Carli Sue is also out feeding the cows even at 10 below zero, knowing all too well that farming is not a job — but a way of life for the Barringer family. Barringer told me “If you don’t like what you do you can’t do it — and you don’t do it for the money — you never quite have enough. Dairy farming for the last five years has been really bad and the last three months we are recovering but you can’t catch up five years of losses in three months — and when your rent goes up it’s harder.”

 

Barringer continued, “Eisenhower wanted cheap food so families could buy other things and travel — even a newspaper is a luxury item at the farm. Dairy farms got into trouble when we went to ethanol — from corn — we put all of our corn into gasoline and made the price of corn inflated — cost of goods went up and then grain became too expensive to feed 70 percent roughage to grain vs 60 percent grain to roughage.
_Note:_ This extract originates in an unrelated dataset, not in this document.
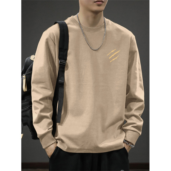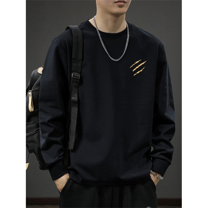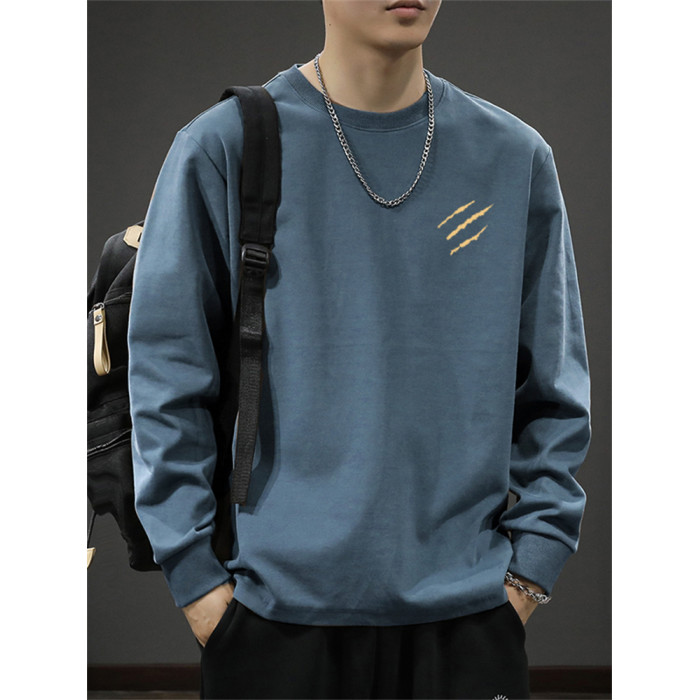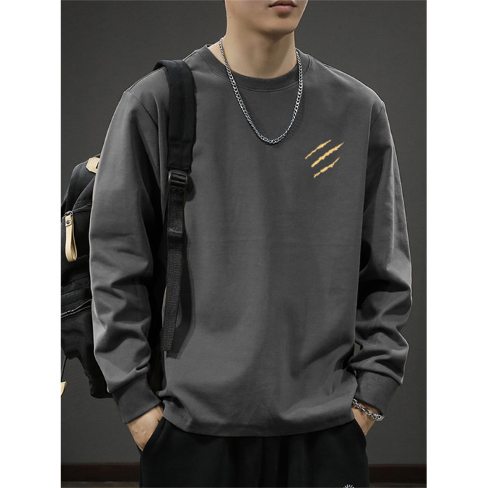 秋季純棉2025新款260克重磅長袖T恤男士潮流束口潮流打底衫上衣服

That’s when milk [pricing] fell out in 2009 at $11 per hundred weight — we couldn’t pay our bills so farmers borrowed or quit.”

 

When the cost of production exceeded the commodity price, consumers didn’t like it because food costs went up and instead of paying more for quality food we focused on convenience — sacrificing nutrition and relying on science to feed the masses.

 

Barringer follows his family tradition from the 20th century and his herd grazes on grasses roaming the countryside to supplement their diet with grass-fed benefits. This maintains a quality standard far exceeding other co-mingled milk sources and compels you to skip organic-labeled milk and buy fresh local products packed with nutrition. It just makes sense.

 

After milking, Donna pointed to all of the cows lying down in their beds chewing their cud, “Look at the girls, they have been milked and are resting happily. Imagine most don’t know even where our food comes from.” Well WE do now! Thank you Donna and Fred for working hard to feed us good food, honestly made that makes us happy, too. That’s what we all want. Get involved and eat local. FarmOn!